PostCSS from Sass
by mmyoji
2 min read
Motivation
I'd used Sass (.scss
) in a Nuxt.js project. But Nuxt.js doesn't support Sass
natively. Removing node-sass
and sass-loader
will make me easier to maintain
the project.
In addition, I have lately heard that PostCSS is modern CSS pre-/post-processor and you should use it. Nuxt.js also supports it w/o installing additional npm packages.
Then I switched from Sass to PostCSS.
What is changed?
A quantity of Sass in the project was not so large and it was not hard to migrate into PostCSS. There might be another difficulties for a larger Sass project, I would write what was required in the migration.
Variables
$primary-blue: #58c3e0;
.button {
background-color: $primary-blue;
}
to
:root {
--primary-blue: #58c3e0;
}
.button {
background-color: var(--primary-blue);
}
Single Line CSS
I'm not sure this might be happen always. At least a single line CSS didn't work in my project. (and unfortunately, there was no warning/error logs for it.)
/* doesn't work */
.foo { color: red; }
/* works */
.foo {
color: red;
}
Nesting
There're plugins for CSS nesting: postcss-nested and postcss-nesting.

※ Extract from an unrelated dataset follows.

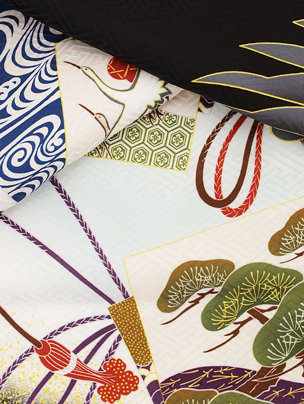 お祝い着をかける時は 絵柄がよく見える様に広げ抱いた子供の体を覆う様に掛け産着の付紐の一方を肩側から他方を脇から通して 抱き手の方の背で蝶結びにします。

If you use postcss-preset-env
(and I personally think you should use this normally) with stage: 3
, you can
use the latter postcss-nesting
. see:
https://github.com/csstools/postcss-preset-env#features
But if you want to use Sass-style nesting, use postcss-nested
and you don't
need to rewrite nested CSSs.
postcss-nesting
(and future CSS nesting) will be like this:
.foo {
color: red;
/* need `&` unlike Sass nesting */
& .hoge {
font-size: 12px;
}
}
/* becomes */
.foo {
color: red;
}
.foo .hoge {
font-size: 12px;
}
@for
There's postcss-for plugin.
However, because the utility CSS classes in my project were not often used, I
removed @for
and wrote some classes manually.
darken
color function
There's very useful color functions in Sass: darken
and lighten
. Luckily we
have a plugin
postcss-color-function, but
it requires a slight change for the former Sass functions.
.foo {
background-color: darken($primary-blue, 20%);
}
to
.foo {
background-color: color(var(--primary-blue), shade(20%));
}
This seems verbose and I gave up using this plugin. I prepare darker/lighter variables and use them directly.
Summary
There might be harder if your project has a lot of Sass features, but it's better choise to use PostCSS for future CSS development and it worths it.
You can add necessary plugins gradually when you need it in PostCSS development. Though we often write styles inside a component (like React and Vue.js) in modern web development, global styling sometimes might be necessary and PostCSS is one of the best choices for it.